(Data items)
◆ ◆ ◆ ◆

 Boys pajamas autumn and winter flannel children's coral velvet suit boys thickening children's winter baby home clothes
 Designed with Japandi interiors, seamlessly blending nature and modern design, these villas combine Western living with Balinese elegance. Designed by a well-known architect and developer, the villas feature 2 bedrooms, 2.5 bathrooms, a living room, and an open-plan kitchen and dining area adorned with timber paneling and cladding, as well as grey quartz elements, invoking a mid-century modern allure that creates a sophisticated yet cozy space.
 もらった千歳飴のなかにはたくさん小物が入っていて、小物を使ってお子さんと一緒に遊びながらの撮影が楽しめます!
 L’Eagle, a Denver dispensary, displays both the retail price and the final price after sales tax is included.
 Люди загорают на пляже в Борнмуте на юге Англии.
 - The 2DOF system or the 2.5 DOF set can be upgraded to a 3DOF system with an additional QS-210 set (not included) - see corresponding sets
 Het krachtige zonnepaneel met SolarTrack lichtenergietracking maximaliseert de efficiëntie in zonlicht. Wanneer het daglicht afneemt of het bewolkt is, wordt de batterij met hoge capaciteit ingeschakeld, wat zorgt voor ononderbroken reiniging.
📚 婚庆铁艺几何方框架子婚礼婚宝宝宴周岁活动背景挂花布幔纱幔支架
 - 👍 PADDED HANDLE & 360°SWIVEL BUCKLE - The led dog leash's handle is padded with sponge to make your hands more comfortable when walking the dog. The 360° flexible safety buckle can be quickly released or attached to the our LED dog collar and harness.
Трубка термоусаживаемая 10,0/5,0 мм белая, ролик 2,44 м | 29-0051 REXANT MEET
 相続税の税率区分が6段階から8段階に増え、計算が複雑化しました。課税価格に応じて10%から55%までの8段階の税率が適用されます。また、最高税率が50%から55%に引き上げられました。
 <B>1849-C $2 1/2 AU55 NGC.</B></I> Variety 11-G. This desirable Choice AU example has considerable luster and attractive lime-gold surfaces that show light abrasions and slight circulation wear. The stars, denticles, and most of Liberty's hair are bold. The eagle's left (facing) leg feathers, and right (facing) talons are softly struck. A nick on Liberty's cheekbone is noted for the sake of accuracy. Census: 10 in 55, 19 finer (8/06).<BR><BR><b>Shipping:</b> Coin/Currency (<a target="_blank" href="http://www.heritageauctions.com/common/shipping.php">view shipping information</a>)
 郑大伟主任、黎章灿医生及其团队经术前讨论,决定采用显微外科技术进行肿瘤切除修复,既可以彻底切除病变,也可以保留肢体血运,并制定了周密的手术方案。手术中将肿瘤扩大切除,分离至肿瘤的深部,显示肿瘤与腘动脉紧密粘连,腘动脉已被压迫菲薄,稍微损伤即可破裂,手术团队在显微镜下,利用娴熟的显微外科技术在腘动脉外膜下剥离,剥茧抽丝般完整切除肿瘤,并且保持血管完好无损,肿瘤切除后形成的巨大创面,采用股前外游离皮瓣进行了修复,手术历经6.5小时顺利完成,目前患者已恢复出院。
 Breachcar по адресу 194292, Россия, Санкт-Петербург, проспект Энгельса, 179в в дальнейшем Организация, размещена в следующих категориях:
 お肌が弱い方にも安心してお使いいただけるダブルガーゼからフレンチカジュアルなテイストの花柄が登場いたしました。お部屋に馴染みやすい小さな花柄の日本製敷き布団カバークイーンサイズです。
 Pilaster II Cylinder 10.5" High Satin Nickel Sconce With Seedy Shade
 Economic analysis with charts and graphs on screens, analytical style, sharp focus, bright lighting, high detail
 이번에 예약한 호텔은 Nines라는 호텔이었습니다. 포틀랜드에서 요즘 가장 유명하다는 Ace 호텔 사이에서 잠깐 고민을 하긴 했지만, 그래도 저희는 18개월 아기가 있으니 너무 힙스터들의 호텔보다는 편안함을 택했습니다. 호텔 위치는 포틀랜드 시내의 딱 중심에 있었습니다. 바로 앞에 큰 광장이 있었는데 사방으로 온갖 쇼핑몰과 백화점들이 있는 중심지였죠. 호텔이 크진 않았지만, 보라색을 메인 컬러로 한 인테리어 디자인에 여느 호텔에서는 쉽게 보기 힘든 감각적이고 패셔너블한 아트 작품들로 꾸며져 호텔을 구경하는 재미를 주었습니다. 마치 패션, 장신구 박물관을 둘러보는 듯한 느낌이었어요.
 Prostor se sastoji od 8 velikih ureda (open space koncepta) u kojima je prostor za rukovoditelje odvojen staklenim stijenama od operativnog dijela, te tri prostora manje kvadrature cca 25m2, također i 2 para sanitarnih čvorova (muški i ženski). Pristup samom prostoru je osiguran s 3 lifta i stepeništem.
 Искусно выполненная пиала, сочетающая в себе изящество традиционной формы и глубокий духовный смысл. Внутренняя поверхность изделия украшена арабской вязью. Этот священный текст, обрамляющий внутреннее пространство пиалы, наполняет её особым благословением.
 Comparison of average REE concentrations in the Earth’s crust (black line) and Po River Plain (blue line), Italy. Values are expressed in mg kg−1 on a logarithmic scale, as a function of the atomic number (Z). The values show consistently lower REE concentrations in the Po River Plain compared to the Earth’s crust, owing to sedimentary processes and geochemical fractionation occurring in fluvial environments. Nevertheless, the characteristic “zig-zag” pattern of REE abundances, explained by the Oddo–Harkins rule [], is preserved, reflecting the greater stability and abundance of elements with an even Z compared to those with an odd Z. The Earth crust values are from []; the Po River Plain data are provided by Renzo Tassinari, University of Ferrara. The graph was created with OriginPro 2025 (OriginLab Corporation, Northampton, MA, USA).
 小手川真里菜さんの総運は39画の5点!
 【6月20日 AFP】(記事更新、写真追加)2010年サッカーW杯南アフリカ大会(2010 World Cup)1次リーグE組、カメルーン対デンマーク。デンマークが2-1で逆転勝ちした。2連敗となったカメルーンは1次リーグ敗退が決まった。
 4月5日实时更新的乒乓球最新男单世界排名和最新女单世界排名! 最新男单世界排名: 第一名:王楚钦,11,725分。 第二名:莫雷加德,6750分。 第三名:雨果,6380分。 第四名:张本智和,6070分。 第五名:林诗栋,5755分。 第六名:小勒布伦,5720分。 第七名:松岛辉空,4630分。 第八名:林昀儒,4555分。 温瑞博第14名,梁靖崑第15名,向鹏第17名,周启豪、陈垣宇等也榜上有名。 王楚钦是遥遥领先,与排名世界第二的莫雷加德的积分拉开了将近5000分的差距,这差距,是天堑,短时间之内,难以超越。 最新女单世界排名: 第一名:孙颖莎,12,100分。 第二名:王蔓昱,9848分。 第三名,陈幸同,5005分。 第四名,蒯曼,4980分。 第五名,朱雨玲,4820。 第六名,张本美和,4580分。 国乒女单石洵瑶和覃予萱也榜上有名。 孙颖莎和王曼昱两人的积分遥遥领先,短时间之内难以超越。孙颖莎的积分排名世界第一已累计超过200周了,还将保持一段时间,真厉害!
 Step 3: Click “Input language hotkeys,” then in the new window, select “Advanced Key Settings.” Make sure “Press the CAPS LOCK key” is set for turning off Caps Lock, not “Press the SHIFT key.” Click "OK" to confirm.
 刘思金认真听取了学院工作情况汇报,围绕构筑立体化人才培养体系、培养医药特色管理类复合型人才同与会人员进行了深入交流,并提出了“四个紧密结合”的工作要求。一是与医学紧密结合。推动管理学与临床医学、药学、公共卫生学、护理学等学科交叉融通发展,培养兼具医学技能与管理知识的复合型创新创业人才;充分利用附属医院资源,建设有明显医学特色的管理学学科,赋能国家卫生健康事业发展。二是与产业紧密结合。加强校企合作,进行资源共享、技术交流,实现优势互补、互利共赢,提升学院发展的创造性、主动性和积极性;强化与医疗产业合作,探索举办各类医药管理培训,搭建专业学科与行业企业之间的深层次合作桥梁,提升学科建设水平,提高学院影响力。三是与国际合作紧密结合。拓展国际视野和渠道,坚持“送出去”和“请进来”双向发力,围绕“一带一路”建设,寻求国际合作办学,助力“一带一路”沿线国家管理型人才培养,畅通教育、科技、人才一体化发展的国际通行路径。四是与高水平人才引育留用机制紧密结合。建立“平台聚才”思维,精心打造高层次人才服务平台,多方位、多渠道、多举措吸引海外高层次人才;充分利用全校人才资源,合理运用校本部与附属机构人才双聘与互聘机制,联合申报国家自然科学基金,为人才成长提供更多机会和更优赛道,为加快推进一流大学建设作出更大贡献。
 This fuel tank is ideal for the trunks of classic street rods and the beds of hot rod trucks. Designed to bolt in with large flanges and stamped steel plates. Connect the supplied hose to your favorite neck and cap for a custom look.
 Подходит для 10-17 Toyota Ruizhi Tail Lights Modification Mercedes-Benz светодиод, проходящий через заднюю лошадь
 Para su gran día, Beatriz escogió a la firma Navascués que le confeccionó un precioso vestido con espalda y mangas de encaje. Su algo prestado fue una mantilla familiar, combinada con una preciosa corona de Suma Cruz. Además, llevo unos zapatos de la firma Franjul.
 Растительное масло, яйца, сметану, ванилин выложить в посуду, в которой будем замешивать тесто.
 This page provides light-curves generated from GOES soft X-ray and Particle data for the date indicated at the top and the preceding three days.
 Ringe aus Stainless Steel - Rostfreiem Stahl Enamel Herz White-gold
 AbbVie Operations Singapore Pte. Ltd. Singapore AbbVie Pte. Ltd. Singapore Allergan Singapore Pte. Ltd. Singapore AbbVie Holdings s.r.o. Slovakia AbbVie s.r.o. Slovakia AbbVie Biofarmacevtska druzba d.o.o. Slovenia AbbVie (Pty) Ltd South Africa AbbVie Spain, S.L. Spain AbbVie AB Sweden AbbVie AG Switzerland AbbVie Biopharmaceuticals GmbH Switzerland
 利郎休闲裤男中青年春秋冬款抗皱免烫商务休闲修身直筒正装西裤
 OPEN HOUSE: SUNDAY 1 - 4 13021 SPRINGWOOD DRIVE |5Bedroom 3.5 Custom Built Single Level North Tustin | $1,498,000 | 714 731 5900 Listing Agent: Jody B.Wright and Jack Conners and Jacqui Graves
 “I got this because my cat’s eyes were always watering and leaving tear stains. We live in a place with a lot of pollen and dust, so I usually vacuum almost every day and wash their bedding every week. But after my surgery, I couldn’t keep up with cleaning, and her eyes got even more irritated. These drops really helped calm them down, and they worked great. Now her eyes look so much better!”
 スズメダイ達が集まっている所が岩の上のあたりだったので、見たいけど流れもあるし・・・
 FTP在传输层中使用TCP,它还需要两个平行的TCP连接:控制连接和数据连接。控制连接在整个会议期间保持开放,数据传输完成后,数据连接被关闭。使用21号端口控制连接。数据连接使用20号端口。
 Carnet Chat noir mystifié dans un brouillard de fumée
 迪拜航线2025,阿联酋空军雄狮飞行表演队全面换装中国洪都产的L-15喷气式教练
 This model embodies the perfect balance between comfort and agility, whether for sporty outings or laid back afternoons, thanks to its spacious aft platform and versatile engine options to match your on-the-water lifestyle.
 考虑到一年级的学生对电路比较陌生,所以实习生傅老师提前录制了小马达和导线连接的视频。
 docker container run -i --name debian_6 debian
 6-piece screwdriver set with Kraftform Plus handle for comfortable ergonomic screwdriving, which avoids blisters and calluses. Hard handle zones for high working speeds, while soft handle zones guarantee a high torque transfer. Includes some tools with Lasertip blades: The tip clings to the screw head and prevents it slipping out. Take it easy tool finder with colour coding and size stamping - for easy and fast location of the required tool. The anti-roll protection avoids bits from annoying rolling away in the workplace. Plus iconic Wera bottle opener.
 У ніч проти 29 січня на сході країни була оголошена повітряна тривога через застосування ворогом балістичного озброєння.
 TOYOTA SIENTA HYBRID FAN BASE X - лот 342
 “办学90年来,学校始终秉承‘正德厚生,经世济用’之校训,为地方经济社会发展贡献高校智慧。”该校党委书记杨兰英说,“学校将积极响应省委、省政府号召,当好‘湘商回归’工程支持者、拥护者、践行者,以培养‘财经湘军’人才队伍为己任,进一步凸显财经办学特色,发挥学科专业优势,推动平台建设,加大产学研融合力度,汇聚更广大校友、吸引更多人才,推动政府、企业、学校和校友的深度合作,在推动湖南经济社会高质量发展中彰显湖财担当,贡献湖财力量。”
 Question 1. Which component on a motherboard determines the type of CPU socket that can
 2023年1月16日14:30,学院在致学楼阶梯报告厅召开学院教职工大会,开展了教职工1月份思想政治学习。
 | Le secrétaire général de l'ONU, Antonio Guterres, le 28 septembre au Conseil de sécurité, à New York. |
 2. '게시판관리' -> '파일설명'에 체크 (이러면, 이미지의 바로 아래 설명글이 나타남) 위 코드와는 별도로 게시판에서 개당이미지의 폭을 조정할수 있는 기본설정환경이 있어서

◆ ◆ ◆ ◆

Only one stretch of the entries above is wanted: the lines from the one containing "Step 3: Click" through the one containing "刘思金认真听取了学院工作情况". Please reproduce it exactly.

■ **Solution below**:
 Step 3: Click “Input language hotkeys,” then in the new window, select “Advanced Key Settings.” Make sure “Press the CAPS LOCK key” is set for turning off Caps Lock, not “Press the SHIFT key.” Click "OK" to confirm.
 刘思金认真听取了学院工作情况汇报,围绕构筑立体化人才培养体系、培养医药特色管理类复合型人才同与会人员进行了深入交流,并提出了“四个紧密结合”的工作要求。一是与医学紧密结合。推动管理学与临床医学、药学、公共卫生学、护理学等学科交叉融通发展,培养兼具医学技能与管理知识的复合型创新创业人才;充分利用附属医院资源,建设有明显医学特色的管理学学科,赋能国家卫生健康事业发展。二是与产业紧密结合。加强校企合作,进行资源共享、技术交流,实现优势互补、互利共赢,提升学院发展的创造性、主动性和积极性;强化与医疗产业合作,探索举办各类医药管理培训,搭建专业学科与行业企业之间的深层次合作桥梁,提升学科建设水平,提高学院影响力。三是与国际合作紧密结合。拓展国际视野和渠道,坚持“送出去”和“请进来”双向发力,围绕“一带一路”建设,寻求国际合作办学,助力“一带一路”沿线国家管理型人才培养,畅通教育、科技、人才一体化发展的国际通行路径。四是与高水平人才引育留用机制紧密结合。建立“平台聚才”思维,精心打造高层次人才服务平台,多方位、多渠道、多举措吸引海外高层次人才;充分利用全校人才资源,合理运用校本部与附属机构人才双聘与互聘机制,联合申报国家自然科学基金,为人才成长提供更多机会和更优赛道,为加快推进一流大学建设作出更大贡献。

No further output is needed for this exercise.